Autonomous Driving and the Legal Challenges of Allocating Liability
6. May 2026
🚗 On 28 April 2026, the DSI Communities AI & Law and Mobility came together for a joint workshop on one of the open questions in autonomous driving: when an autonomous vehicle causes harm, who is responsible?
⚖️ Prof. Dr. Rolf Weber (UZH, Faculty of Law) opened on civil liability, walking through the options regulators are weighing — from traditional product liability to newer ideas like a “reasonable computer driver” standard — and where Swiss law currently sits: responsibility falling first on the car owner, with recourse routed through contract, product, or tort law.

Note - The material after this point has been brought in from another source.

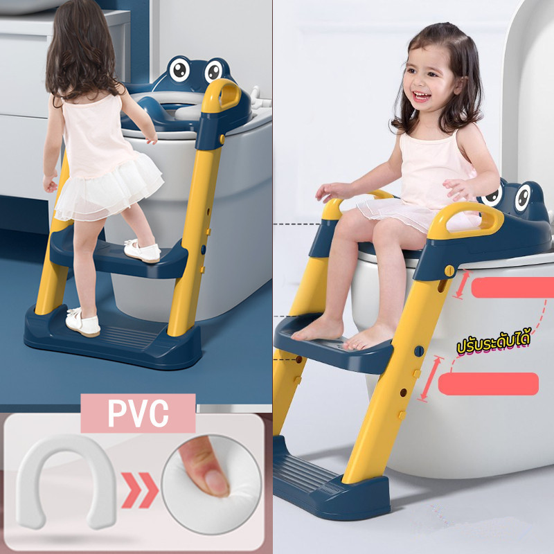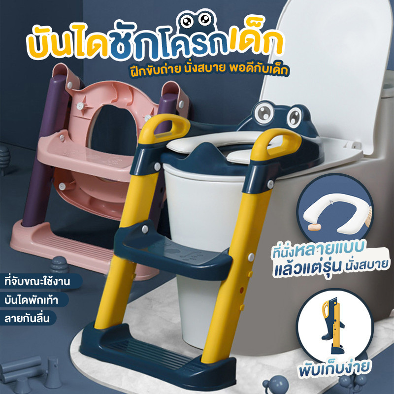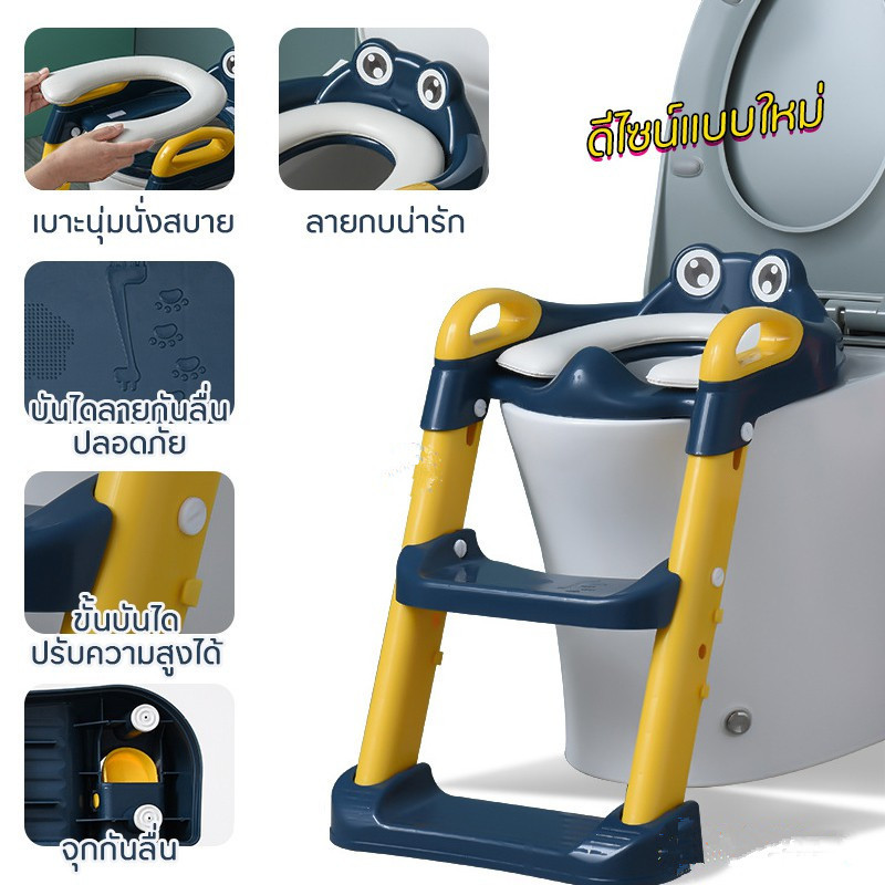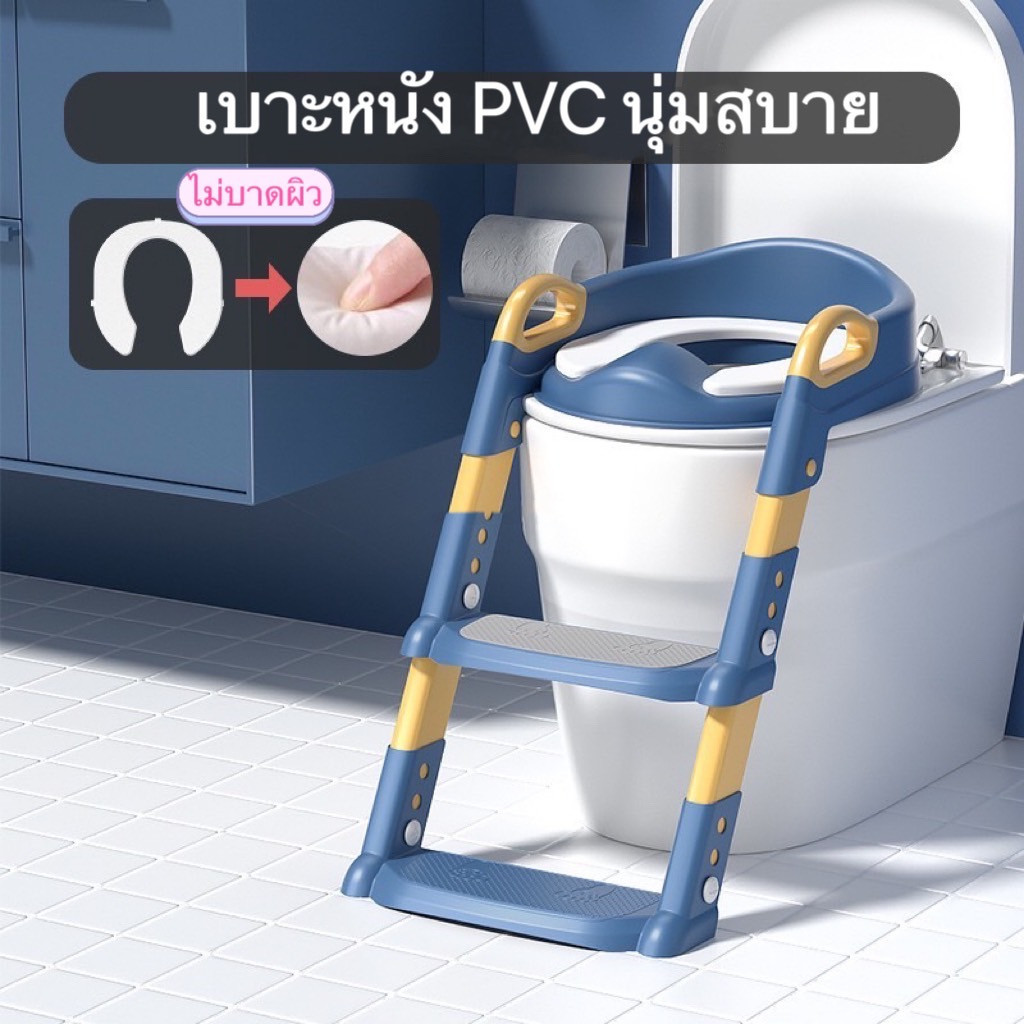 ส่วนลดสูงสุด✨ บันไดชักโครกเด็ก กันลื่น ปรับระดับได ที่รองชักโครกเด็ก เบาะนิ่มPVC กระโถนเด็ก มีบันไดปีนขึ้นและพักเท้าได้

⚖️ Prof. Dr. Nadine Zurkinden (UZH, Faculty of Law) carried the same question into criminal law, where the picture narrows: someone has to be in charge, and Swiss law still expects that someone to be human. Remote operation complicates this, opening real gaps around signal latency and the cues a tele-operator simply cannot perceive from a distance.
🧠 Dr. Johanna Wörle (ETH Zurich, Chair of Geoinformation Engineering) closed by showing what those gaps look like in practice. In her test-track study in Singapore, more immersive setups raised tele-operators’ sense of presence and led to more careful driving — but not for everyone. Some participants treated the remote car like a video game, crashing into barriers without much reaction even knowing a real person was inside. A reminder that liability frameworks ultimately rest on assumptions about how seriously people take consequences they don’t personally face.
💬 The breakout discussion afterwards brought lawyers and mobility researchers into the same small groups to work through case scenarios together — the kind of cross-community exchange these workshops are designed for. The conversation continued at the Apéro 🥂
🙏 Thank you to our speakers, and to everyone who joined.